For the Famicom Programmable Series games, Excitebike, Mach Rider and Wrecking Crew, Nintendo had a save/load function for custom built tracks or levels. The game used the Famicom Cassette Recorder to save and load levels/tracks. Now, as Nintendo used the same ROMs for NES versions of these games, I wonder if the save/load functions of these games could work in a front loading NES with a cassette player wired to the NES Expansion Port.
First, lets examine how the Famicom Cassette Recorder works without the Famicom Keyboard. When the game wishes to save custom tracks/leveks, it sends the data encoded into sound pulses to the audio output pin on the Famicom Expansion Port. The user must have the tape deck recording for anything to happen. When it comes time to load a game, the tape plays back the signal and sends it to $4016 D0. The game is waiting for a serial binary signal on that bit and reassembles it appropriately. The Famicom's Microphone on controller #2 behaves similarly. Naturally, I would expect that the audio signal itself is essentially a square wave. (Perhaps there is an ADC in the cassette recorder.)
Now, is there any other reason a non-Nintendo cassette recorder wouldn't work? Perhaps a modification would be needed.
Great Hierophant wrote:
For the Famicom Programmable Series games, Excitebike, Mach Rider and Wrecking Crew, Nintendo had a save/load function for custom built tracks or levels. The game used the Famicom Cassette Recorder to save and load levels/tracks. Now, as Nintendo used the same ROMs for NES versions of these games, I wonder if the save/load functions of these games could work in a front loading NES with a cassette player wired to the NES Expansion Port.
First, lets examine how the Famicom Cassette Recorder works without the Famicom Keyboard. When the game wishes to save custom tracks/leveks, it sends the data encoded into sound pulses to the audio output pin on the Famicom Expansion Port. The user must have the tape deck recording for anything to happen. When it comes time to load a game, the tape plays back the signal and sends it to $4016 D0. The game is waiting for a serial binary signal on that bit and reassembles it appropriately. The Famicom's Microphone on controller #2 behaves similarly. Naturally, I would expect that the audio signal itself is essentially a square wave. (Perhaps there is an ADC in the cassette recorder.)
Now, is there any other reason a non-Nintendo cassette recorder wouldn't work? Perhaps a modification would be needed.

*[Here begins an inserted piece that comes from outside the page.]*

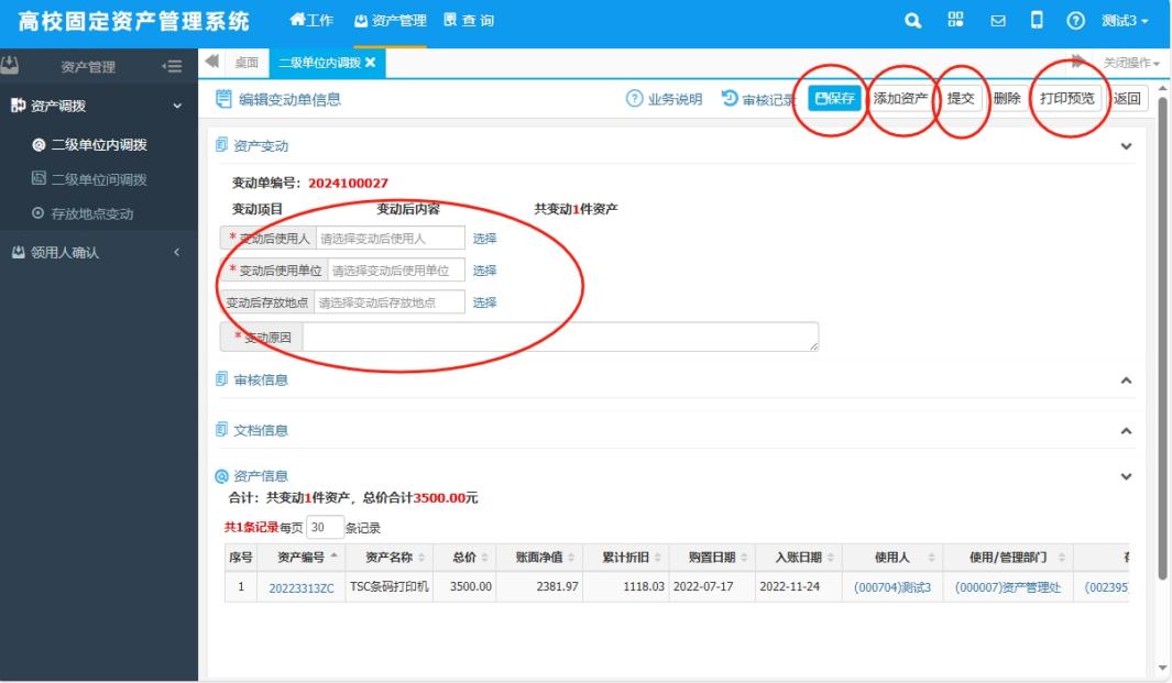 “资产管理”——“资产调拨”——“二级单位间调拨”——“单位间调拨申请”——勾选需要调拨的资产——“生成调拨单”——“添加资产”(可以添加勾选环节漏选的资产)——填写“变动后使用人、变动后使用单位、变动后存放地点、变动原因”——“保存”——“提交”——打印《资产调拨单》,完成签字盖章手续后交资产管理处。

The Atari 2600 had a similar device called the SuperCharger. I remember people making a compilation of games on CD of the games which were originally sold on tapes. Hence apparently it is just analog audio, so as long as the recorder is good enough, you could probably use whatever one you wanted.
Very true, the Supercharger could use any decent cassette player. However, between the 2600 and the cassette recorder there was the Supercharger hardware. That hardware had four major components, the ROM, the RAM, the mapping circuitry and an Analog to Digital Converter. The Cuttle Cart (1) operates similarly but in a far more advanced way.
Now, a NES already has the ROM, the RAM and the mapping circuitry on the cartridge, if any. But what about recording onto and reading back from cassette tapes? The NES does have 4x4-bit and 1x7-bit DACs for its sound channels. But a normal cassette recorder does not have an ADC, perhaps the Famicom's Cassette Recorder does. Otherwise, how can it reliably receive the data, which it expects to be digitized?
What are the voltages for a headphone level signal, and what are the voltages expected by the Famicom expansion port? Perhaps all we need is to run a comparator on the difference between the signal and a low-pass filter of the signal in order to get a 1-bit demodulation of the data on the cassette.
I have been planning to build something like this for quite awhile, i replaced my exp. connector from my deck with a sawed-off ISA connector to make more convinient to use.
Has anyone RE'd the load/save function? i belive it should have somekind of start/stop signatures or similar to indentify what exactly NES is trying to do with it.
I think this tapedrive simulator could be done by using UART, LPT or USB, without using any additional circuitry.
oops! the message above was mine, i forgot to logon!